What I would say is that if anyone ever comes across pynazolam, please try it. It was too costly to make since whereas pyrazolam worked at 0.5mg, pynazolam needed 3mg so the difference is massive. But anyone who has had methaqualone - well this is for you AND it seems very safe in overdose. In animal models, the TI was over 500.

Hey,

unfortunately it will not be Methaqualone but Nembutal which is also a Barbi - nomnom - I'm looking forward to this!

JJ

 

[dopamimetic]

What drugs come most close to the effetcs of quaaludes / barbiturates? As somebody who never found anything besides anxiety relief and cognitive numbing in GABAergics, even pagoclone was a failure for me (one which didn't stop me from finishing the bag though) and ethanol only worked the very first times for me, then became a dirty BZD relative.. so I am curious about whether these old ones are really so much more recreational. I've liked zopiclone+ethanol, if I managed to resist the urge to sleep it became quite trippy and comfortable yet with horrible retrograde amnesia. Maybe it's just me but what's the point about tripping when you don't remember most to all of the experience? Zolpidem was nice back in time when I didn't yet have permatolerance to many chemicals (3mg lorazepam will still knock me out though, but not reliealy so). But the best of all in this category is the promiscuous pregabalin. If it just hadn't the worst tachyphylaxis of all drugs I know of, trip one time, wait three months or so.

 

[HeadphonesandLSD]

Hey,

unfortunately it will not be Methaqualone but Nembutal which is also a Barbi - nomnom - I'm looking forward to this!
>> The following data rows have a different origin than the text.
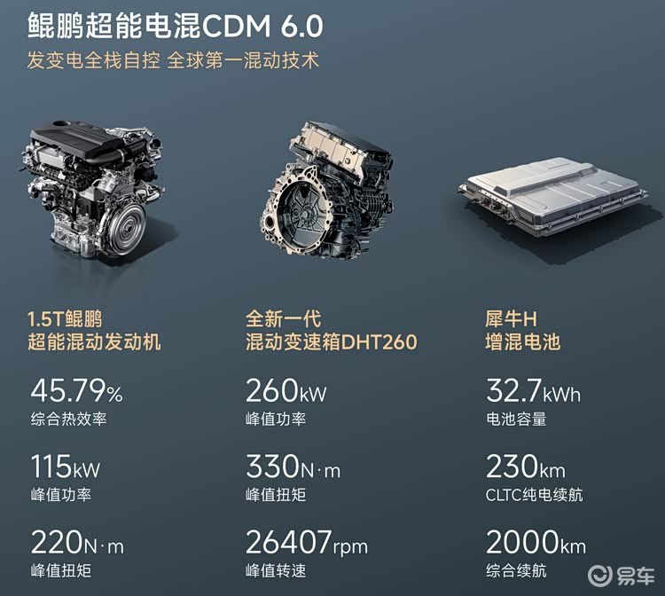 全新一代混动变速箱DHT260,最大功率260kW、峰值扭矩330N·m,最高98.5%机械效率,系统电驱效率90%,实测26407rpm峰值转速。
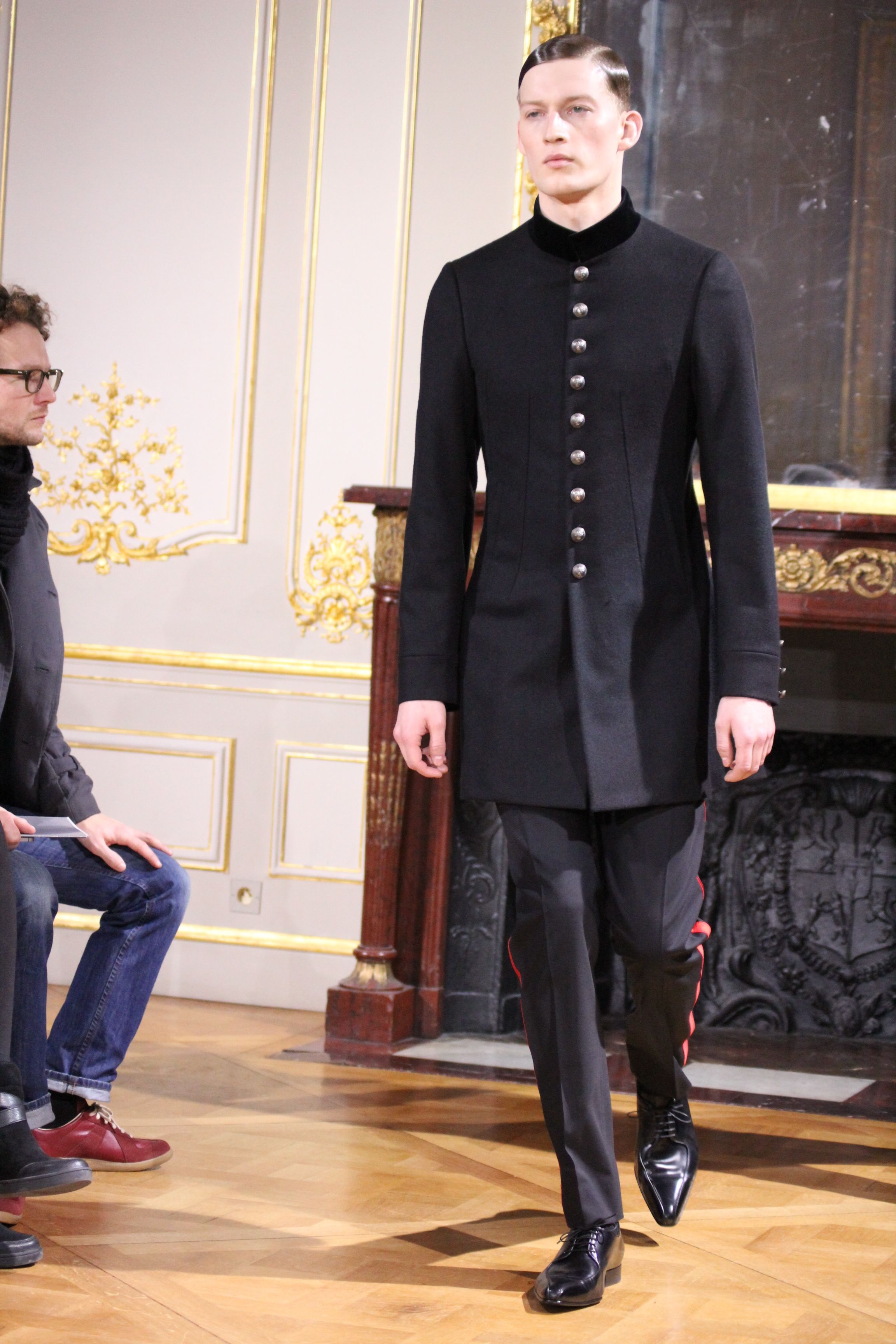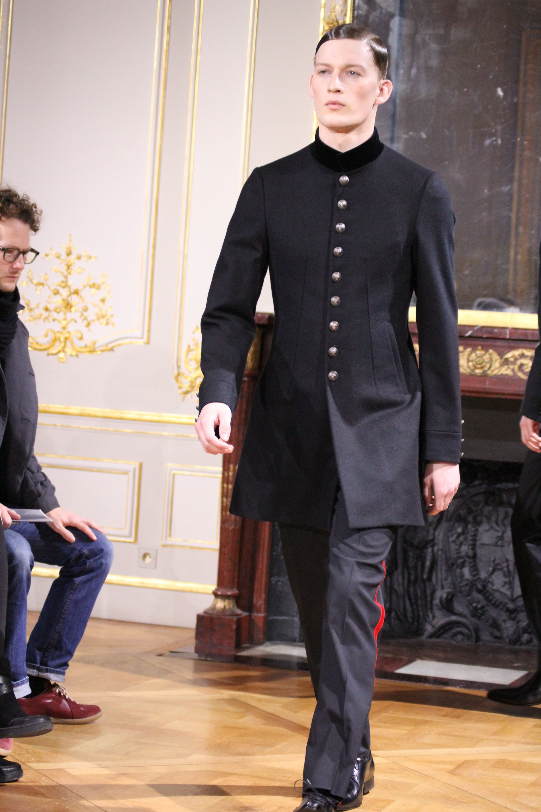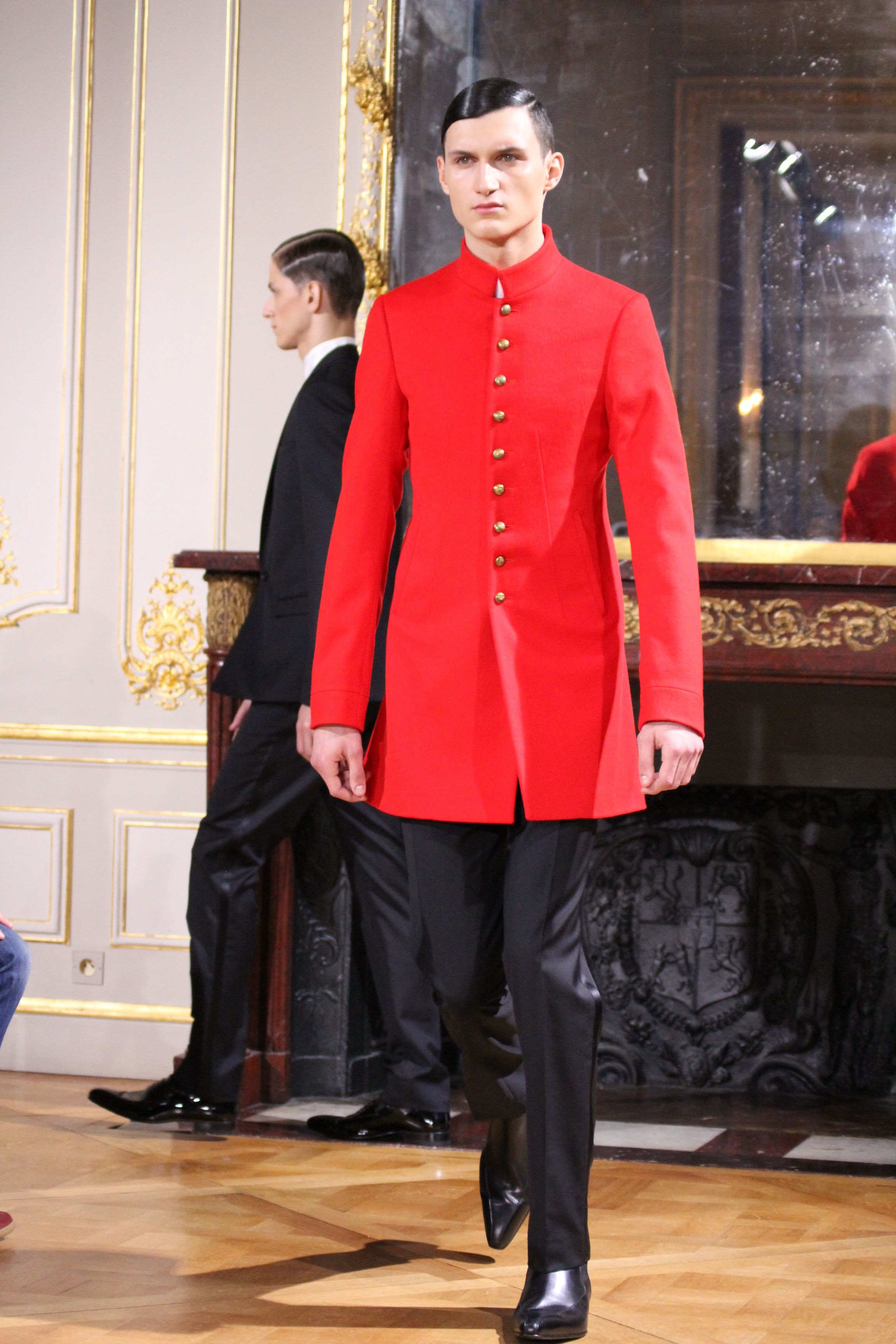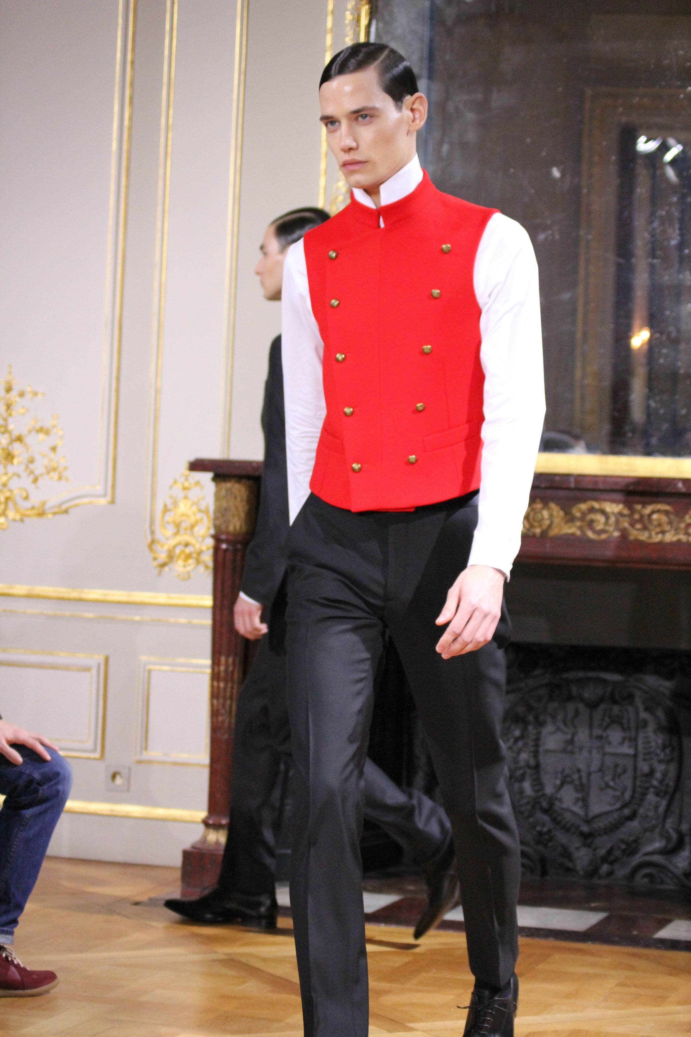 Les vêtements portés durant les batailles inspirant le leadership et se conformant aux mouvements du corps, collent bien aux besoin de l’homme moderne. C’est ainsi que les coupes et details essentiels portant les XVIII et XIX siècles deviennent sont réinventées pour créer des looks parfois futuristes. Il en va de même pour d’autres pièces contemporaines de l’époque comme les chemises à haut col, giles cravates et vêtements de cavalerie que l’on retrouve dans les coupes des pantalons et des vestes sans oublier la haute joaillerie à travers des accessoires précieux : boutons de manchette en or et argenteur complètent cette élégante silhouette.
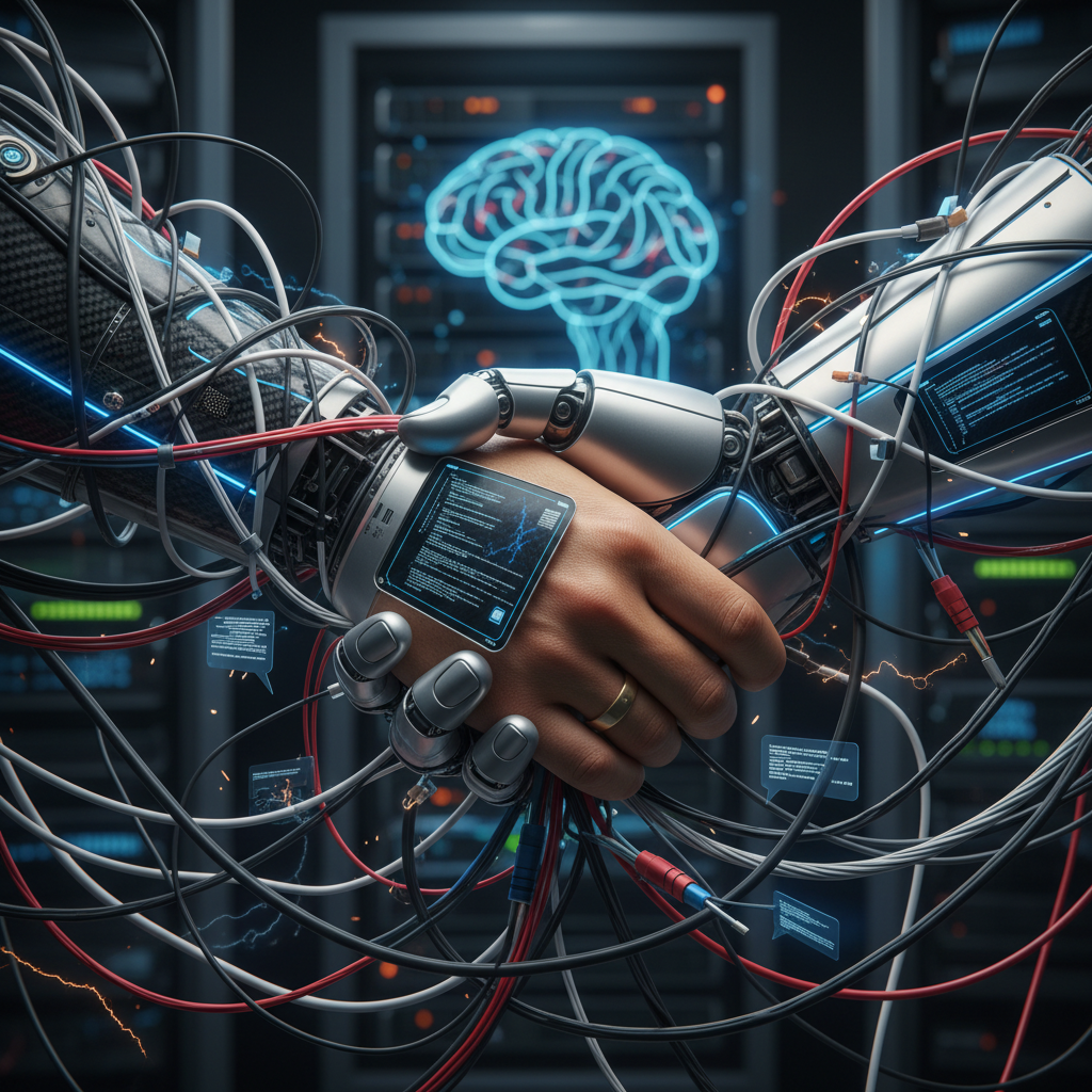 Alt text: Human and robotic hands gripping glowing tangled wires in a tech workspace, symbolizing AI chatbot integration challenges.
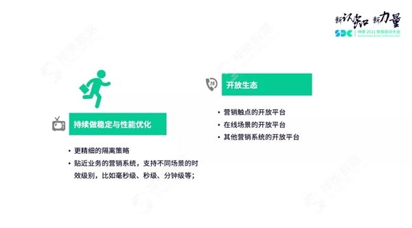 在接下来的平台化规划中,我们将从稳定与性能优化、开放生态两方面持续迭代,具体包括打造更精细的隔离策略、贴近业务的营销系统,以及营销触点的开放平台、在线场景的开放平台等。如下图所示:
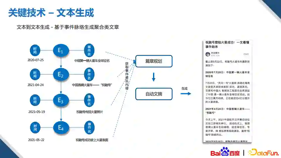 有了图谱信息和摘要生成技术,就可以做很多类型的文章了,比如上图的文章,它是一个事件脉络追溯的文章,把中国的第一辆火星车“祝融号”的来龙去脉进行了一个非常详细的盘点。
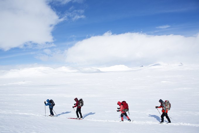 Тези скиори са на преход в планината между Томасхелерен и Тийн.
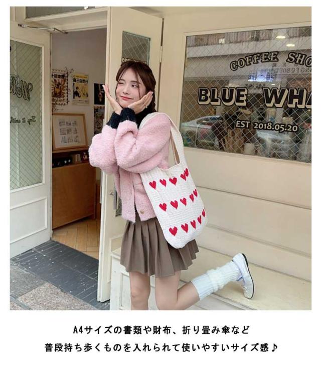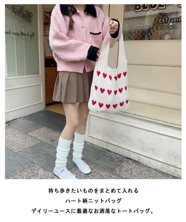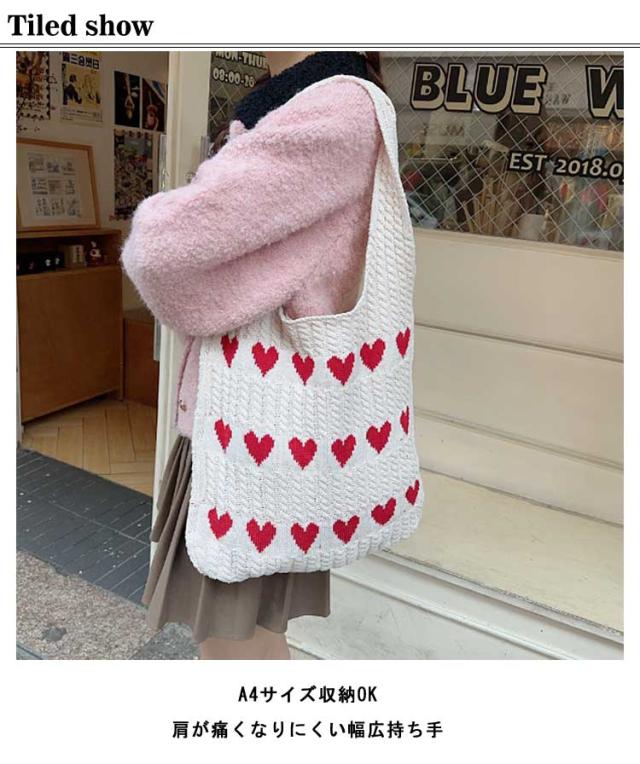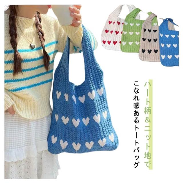 エコバッグ レディース ハート柄 収納可能 ニットバッグ ニットトート ハート ニットバッグ ニット生地 通勤 ディリー トート トートバッグ かばん 肩掛けカバン 鞄 通学 日常 A4サイズ 普段使い 通学 買い物 シンプル カジュアル ナチュラル

I've wanted to try that since I first heard about it but the main use for it these days scares me away. Plus last I checked the only vendor that would ship it to me is no longer around.

Not trying to hi-jack this thread but I see people that might know so I'm going to ask: Can anyone here explain why MXE is no longer produced by anyone? Did the materials needed start being watched closely? With the popularity of it I figured there would be chemists all over producing small batches like they do with MDMA.

 

[JoEhJoEh]

You are absolutely right, guys, it IS fucking dangerous. But that's me. I always want/need something which is calming me down because of my ADHD. I want to feel calm, without that motor that is running 24/7, without myself running around all the time...

Why do you think I'm into Benzos so much? Because they are calming me down. It's such a nice feeling when you are your life long not used to it. That it's the false way - I know. But I do it. THC is perfect but after 23 years smoking before going to bed I also have a tolerance like hell.

Then I saw this shop that sells Nembutal. I did not yet order anything, but I'm very much into it....

Sorry, bad day today.

JJ

 

[HeadphonesandLSD]

Did you see it sold as power or liquid? I've only seen it sold as liquid with insane mark-up. I figured the mark-up was so high because they'd taking advantage of people that are only going to buy it once. If you do get it I'd be interested in reading a report just make sure you're very careful about it. I see you're fully aware of its main use in humans.